WHAT THE TASK REQUIRES —
A faithful transcription of all the data, images excluded, is the required answer.

DATA BLOCK —
========================================================================
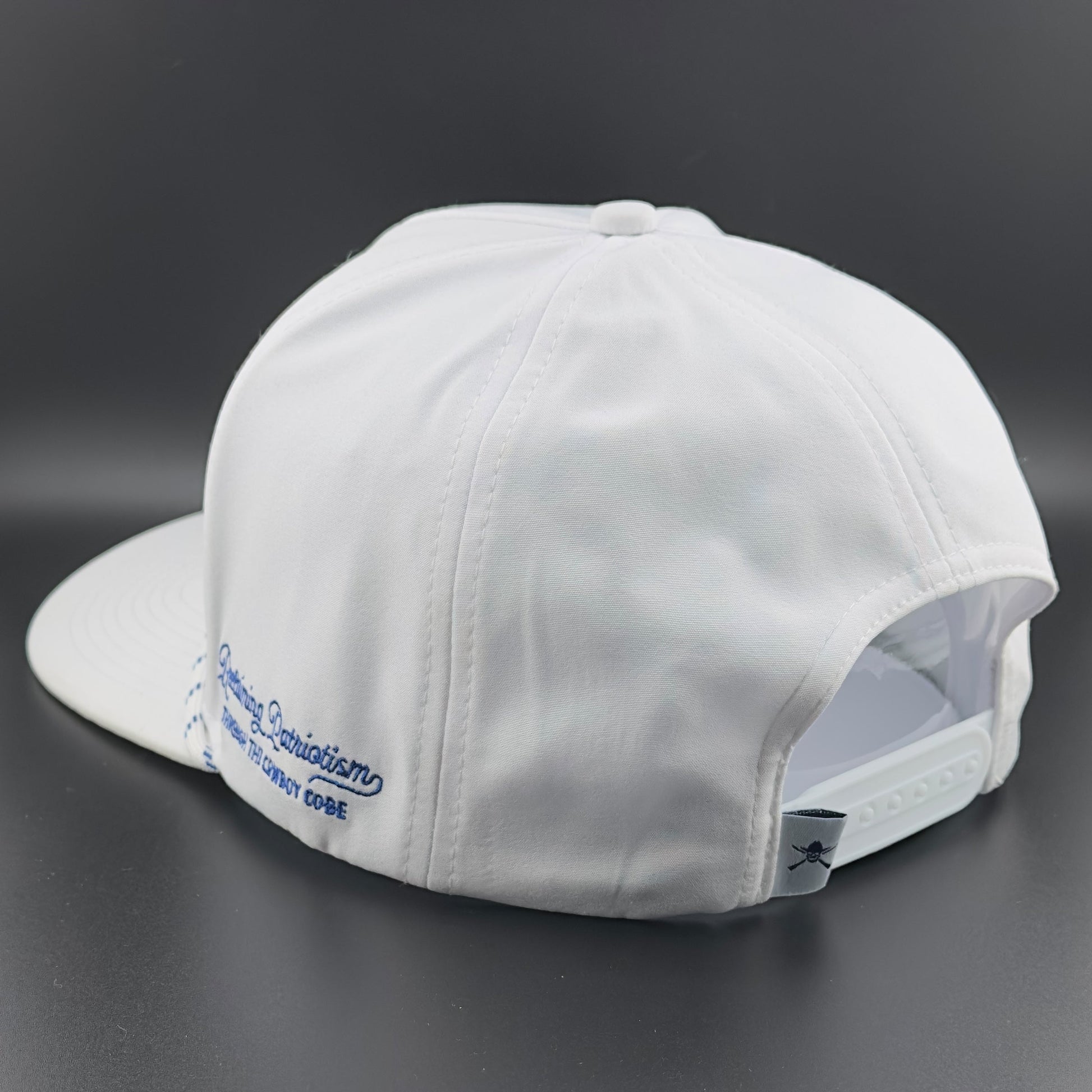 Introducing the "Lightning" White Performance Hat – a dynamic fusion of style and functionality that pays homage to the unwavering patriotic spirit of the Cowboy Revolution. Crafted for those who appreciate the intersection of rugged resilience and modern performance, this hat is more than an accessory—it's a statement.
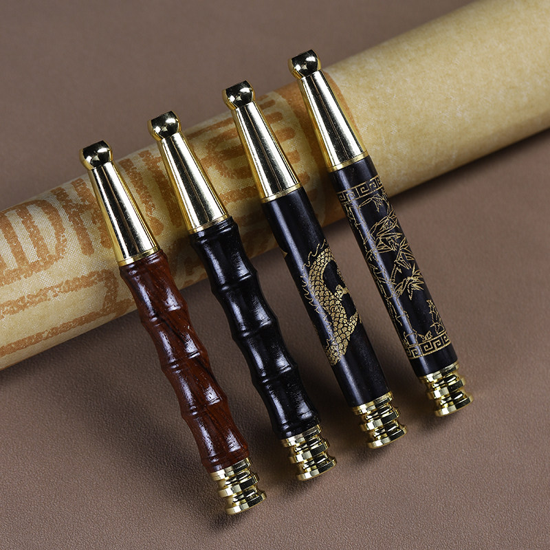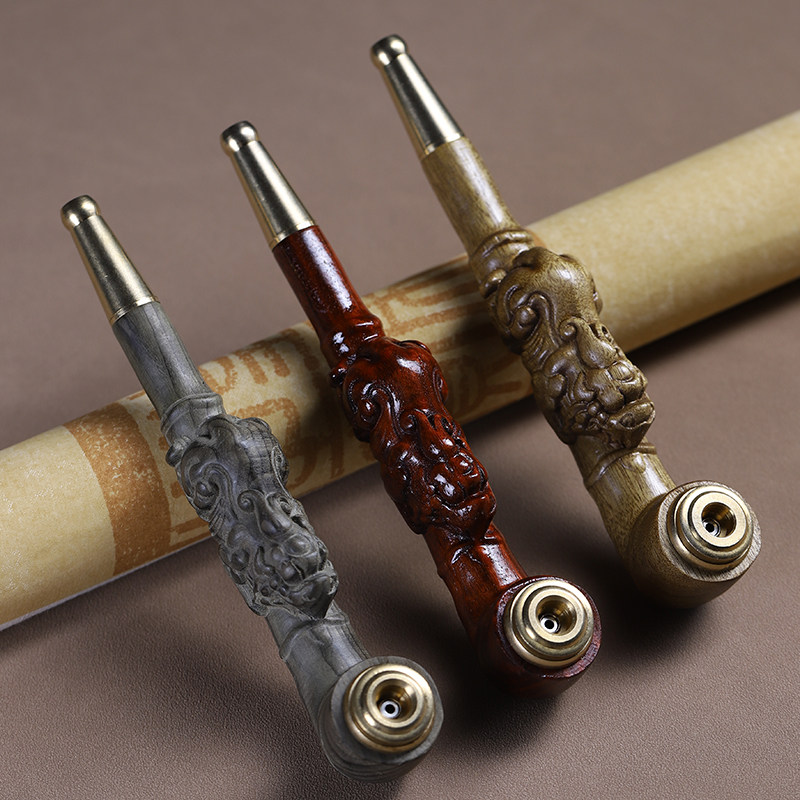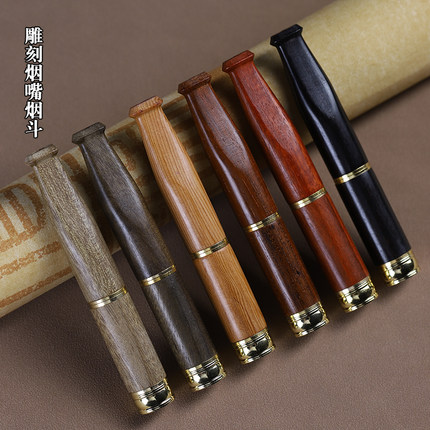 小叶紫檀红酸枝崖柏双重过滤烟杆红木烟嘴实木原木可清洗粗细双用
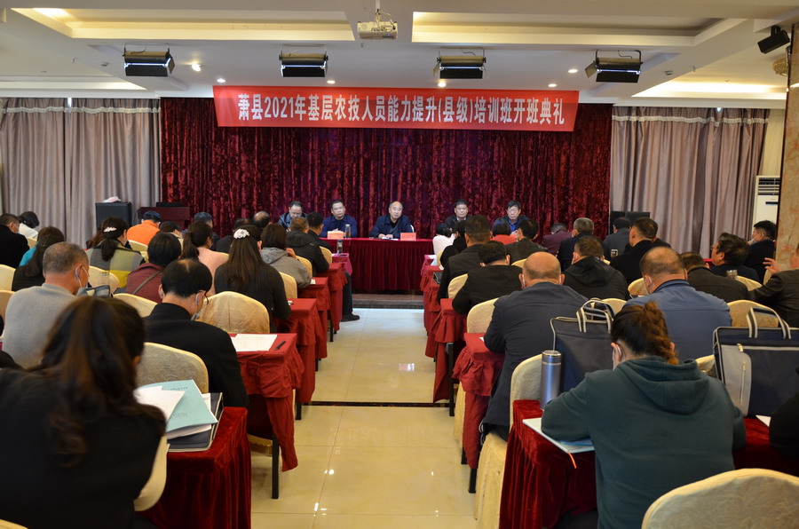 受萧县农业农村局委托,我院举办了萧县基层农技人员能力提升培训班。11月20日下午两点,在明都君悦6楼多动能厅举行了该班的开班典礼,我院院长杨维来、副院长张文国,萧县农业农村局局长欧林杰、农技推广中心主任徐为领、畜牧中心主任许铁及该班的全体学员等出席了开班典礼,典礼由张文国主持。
========================================================================
SOLUTION FOR THIS EXERCISE —
 Introducing the "Lightning" White Performance Hat – a dynamic fusion of style and functionality that pays homage to the unwavering patriotic spirit of the Cowboy Revolution. Crafted for those who appreciate the intersection of rugged resilience and modern performance, this hat is more than an accessory—it's a statement.
 小叶紫檀红酸枝崖柏双重过滤烟杆红木烟嘴实木原木可清洗粗细双用
 受萧县农业农村局委托,我院举办了萧县基层农技人员能力提升培训班。11月20日下午两点,在明都君悦6楼多动能厅举行了该班的开班典礼,我院院长杨维来、副院长张文国,萧县农业农村局局长欧林杰、农技推广中心主任徐为领、畜牧中心主任许铁及该班的全体学员等出席了开班典礼,典礼由张文国主持。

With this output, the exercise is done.